The novel’s second section follows Amar, an Iraqi-American man who is detained by UK immigration while on his way to visit his brother in Kurdistan. There are similarities between the two narratives, but they are slightly askew. Amar also watches the war on TV. Halliday writes dialogue with a clear-eyed mastery, and where Ezra and Alice’s banter moved with a speed and familiarity unique to lovers, conversation between Amar and an immigration agent is formally similar, but the subject is entirely different. This dissonance is purposefully jarring. Halliday’s project is to explore the “asymmetry” between the lives of Americans and Iraqis, between young women and older men, between the subjects of imperialism and the victims of war, and also between writers and the stories they tell.
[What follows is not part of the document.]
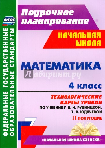 Пособие содержит технологические карты уроков математики в 4 классе, составленные по учебнику В. Н. Рудницкой, Т. В. Юдачевой (М.: Вентана-Граф, 2014), входящему в УМК "Начальная школа XXI века".
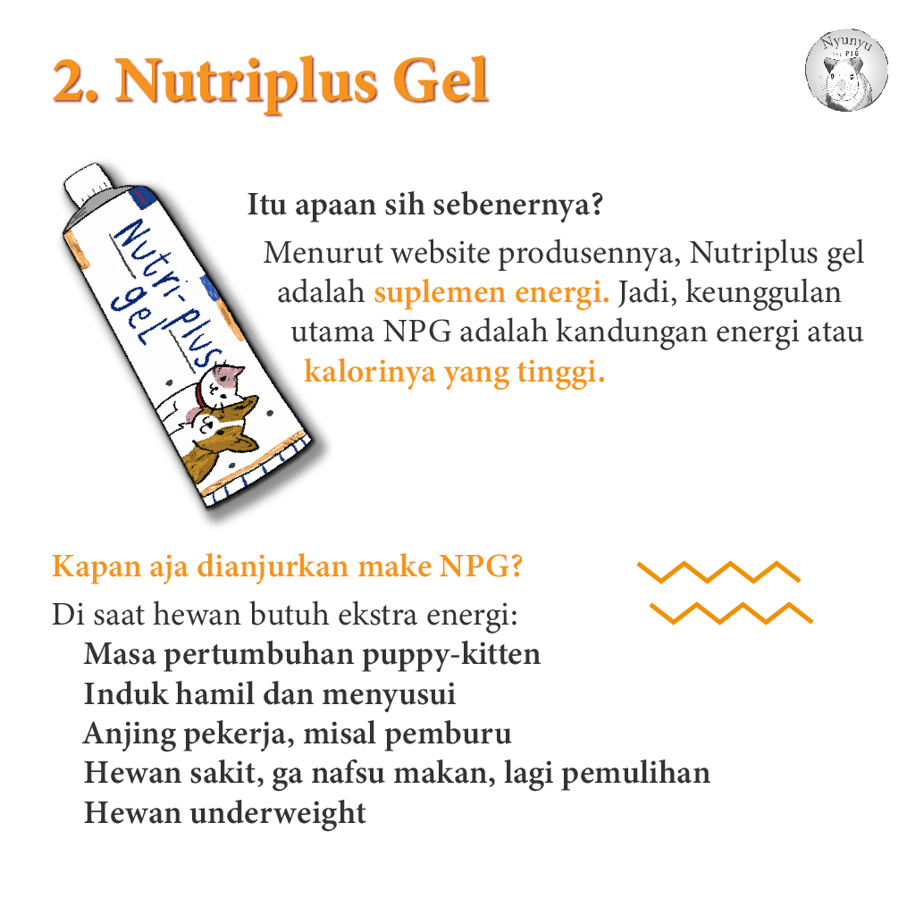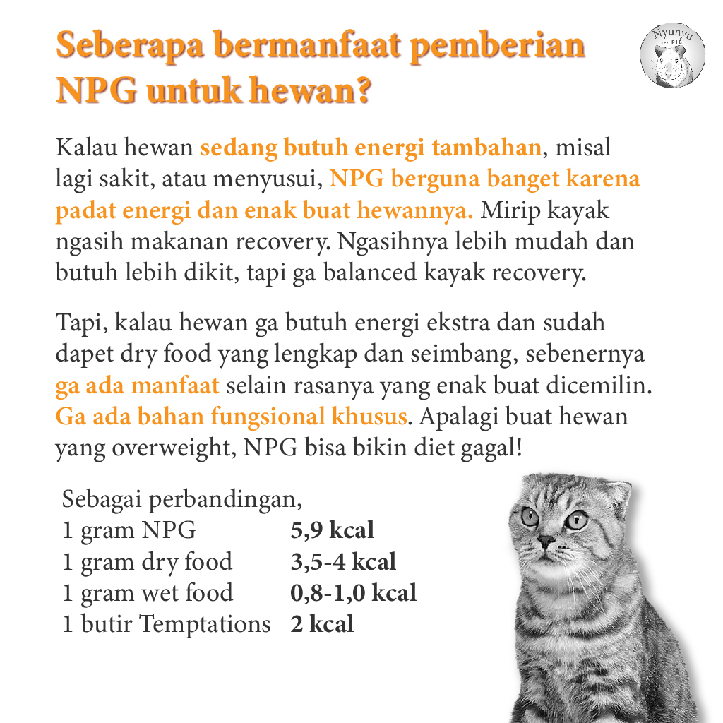 - Hewan sakit dan tidak nafsu makan. Saat sakit, tubuh butuh energi untuk memperbaiki kerusakan, tetapi biasa hewan tidak nafsu makan. NPG dapat diberikan karena energi yang tinggi dan rasa yang disukai hewan.

The inclusion of Amar’s story in Asymmetry also reads like a corrective to the marginalization of Iraqi voices and points towards the novel’s implicit burden of guilt over the war. The trick of Asymmetry—that Amar’s story is the novel that Alice had always hoped to write—is revealed in its third section, which takes the form of a Desert Island Discs interview with Ezra. After playing his favorite Debussy, he makes an oblique reference to Alice, “a young friend of mine [who’s] written a rather surprising little novel.” Ezra’s remark is Halliday’s meta-commentary on Asymmetry’s layered narratives: “It’s a novel that on its surface would seem to have nothing to do with the author, but in fact is a kind of veiled portrait of someone determined to transcend her provenance, her privilege, her naiveté.” This is the significance of Amar’s narrative and the presence of the Iraq war—they are mechanisms for Alice and Halliday’s desire to push past their “privilege.”

When reading Asymmetry, I thought often of Ilya Kaminsky’s damning poem, “We Lived Happily During the War,” which links the comfort of American lives to the ugly costs of imperialism:

In the sixth month
of a disastrous reign in the house of money

in the street of money in the city of money in the country of money,
our great country of money, we (forgive us)

lived happily during the war.

Can you be forgiven for living happily during the war? Asymmetry traces the ugly work of the war as an attempt at forgiveness, while The Mars Room shows that absolution isn’t possible—the war touches everything.